Figure 32.1. Histopathologic and imaging stages of the T. solium cysticercus in the brain parenchyma. A: Histologic features of the vesicular stage with a well-defined cysticercus including its extensive canalicular network and no surrounding inflammation. B: T1-weighted MRI showing a cyst in its active (vesicular) stage with a well-defined eccentric scolex and no surrounding edema. C: Unenhanced CT showing multiple active vesicular cysts. D: Histologic features of the colloidal stage (corresponding to the degenerating or encephalitic/transitional on imaging) with surrounding inflammation. E: Gadolinium-enhanced MRI demonstrating a ring-enhancing lesion in the brain parenchyma corresponding to the degenerating (transitional or encephalitic) stage. F: Contrast-enhanced CT showing a similar ring-enhancing lesion probably corresponding to the granular–nodular pathologic stage. G: Histologic depiction of the fibrocalcific parasite corresponding to the dead or inactive parasite with little surrounding inflammation. H: CT appearance of inactive, fibrocalcific nodule. I: CT demonstrating multiple NCC, some live, active and others calcified, thus multiple stages at any given point of time. (A, D, and G, Courtesy of Alfonso Escobar, UNAM, Mexico; B, C, and I, from Singh G, Prabhakar S. Taenia solium Cysticercosis: From Basic to Clinical Science. Oxon, UK: CAB International, with permission.)

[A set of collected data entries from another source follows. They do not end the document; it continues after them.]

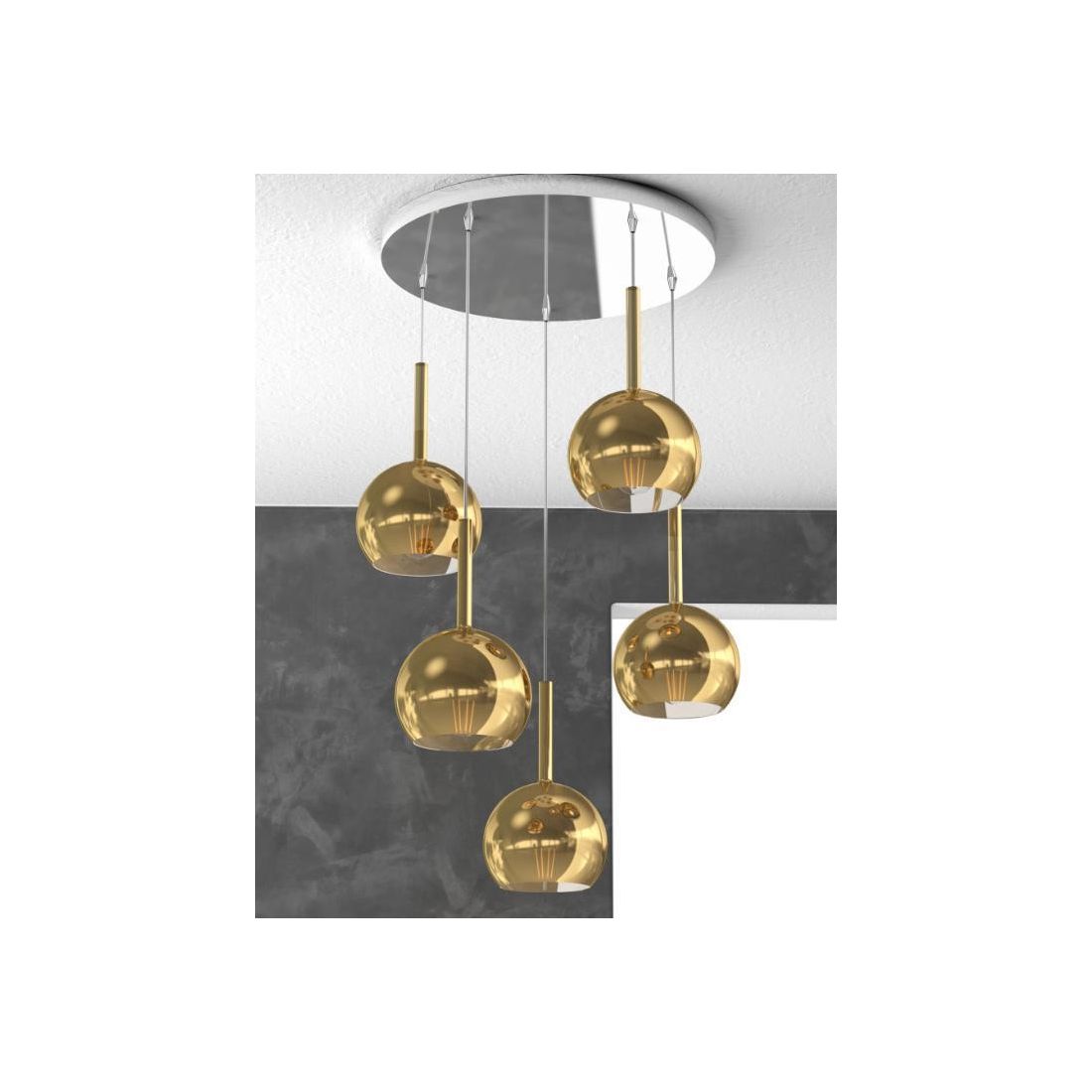 FUTURE SOSPENSIONE IN METALLO FINITURA OTTONE CON 7 DIFFUSORI A SFERA REALIZZATI IN...
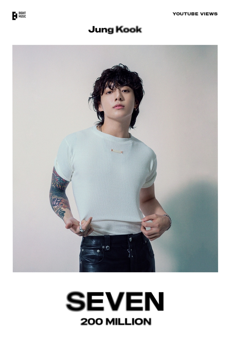 (서울=연합뉴스) 이태수 기자 = 그룹 방탄소년단(BTS) 정국의 글로벌 히트곡 '세븐'(Seven) 뮤직비디오가 유튜브에서 조회 수 2억건을 넘겼다고 소속사 빅히트뮤직이 8일 밝혔다.
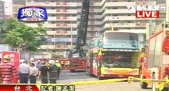 臺北市信義區松高路工地一架起重機從37樓高墜落砸中游覽車尾部,車上坐著25名廣東旅游團團員,當時他們用完午餐打算前往101大樓參觀,沒有想到意外從天而降,游覽車車體變形。
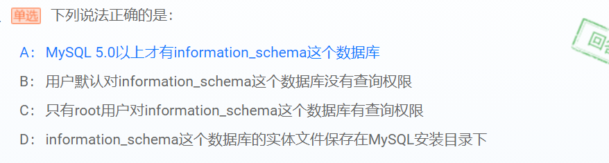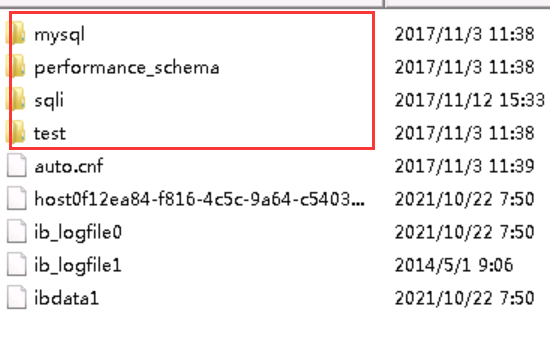 每一个目录对应数据库中的一个数据库,在数据库中执行show databases;的时候,可以看到存在5个数据库,正是少了information_schema这个数据库。
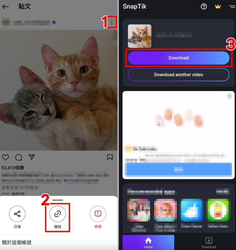 除了iGram以外還有一個非常好用的IG照片/影片下載網站:Snapinsta,他除了和 iGram一樣不用登入IG就可以透過連結下載以外,還有支援繁體中文,讓你可以更輕鬆簡單的下載喜歡的IG內容!
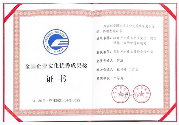 鄭州萬(wàn)達(dá)重工股份有限公司以系統(tǒng)完善的企業(yè)文化體系及卓有成效的企業(yè)文化實(shí)踐,榮獲“2020-2021年度全國(guó)企業(yè)文化優(yōu)秀成果二等獎(jiǎng)”!
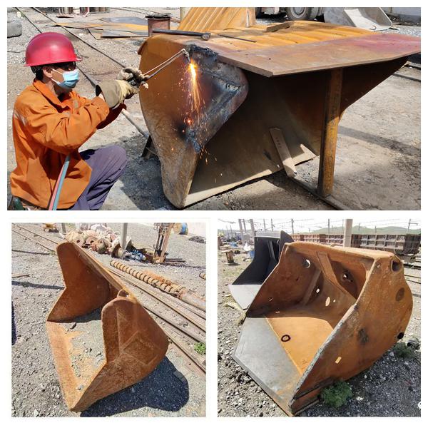 圖為采礦事業(yè)部修理師傅在精心修復(fù)翻新鏟斗

Symptoms of cysticercosis are almost always the result of brain infestation and depend on the location, stage, and number of cysts in the brain. Seizures, which occur in nearly 80% of cases of NCC, are most characteristic of parenchymal location (16). The number of cysts in the brain also has a bearing on the clinical presentation. When cysts are extremely frequent, especially in 100s, the clinical presentation is dominated by features of raised intracranial pressure, dementia, and focal neurologic deficits (17). Conversely, patients with solitary cysticercus granuloma or a small number of cysts present with few seizures, and these are usually easily controlled with antiepileptic drugs (AEDs) (18).

Other CNS Infections

Several CNS infections are notable for their association with seizures and epilepsy. CNS tuberculosis, especially when presenting with cerebral tuberculoma, bacterial brain abscess, fungal infections including cryptococcal meningitis, and subacute sclerosing panencephalitis deserve mention due to a notable frequency of both early and late unprovoked seizures (19).

BURDEN OF CNS INFECTIONS

The epidemiology of many CNS infectious disorders has changed in the recent past, and these changes have perhaps impacted their association with epilepsy. For instance, the introduction of H. influenzae type b (Hib) and S. pneumoniae conjugate vaccines has led to a decline in the incidence of bacterial meningitis in the United States from 2/100,000 in the 1990s to 1.38/100,000 in 2007 (20). Likewise, attempts to control transmission of N. meningitides meningitis and malaria in sub-Saharan Africa and of cysticercosis in South and Central Americas have led to a prefatory decline in the incidence of these disorders. At the same time, land development and increasing human traffic between endemic resource-poor countries and high-income countries have also contributed to the changing epidemiology of CNS infections. For example in the United States where T. solium was once considered eradicated, large numbers of NCC cases have been reported from states with the largest volume of Latino immigrants, that is, California, Texas, and Oregon (21). In California alone, where NCC is a reportable disease, there occurred 805 hospitalizations with a discharge diagnosis of NCC in 2009, amounting to 304 hospitalized people (estimated incidence: 0.8/100,000) with six deaths (22). Nearly 85% of those hospitalized were Latinos.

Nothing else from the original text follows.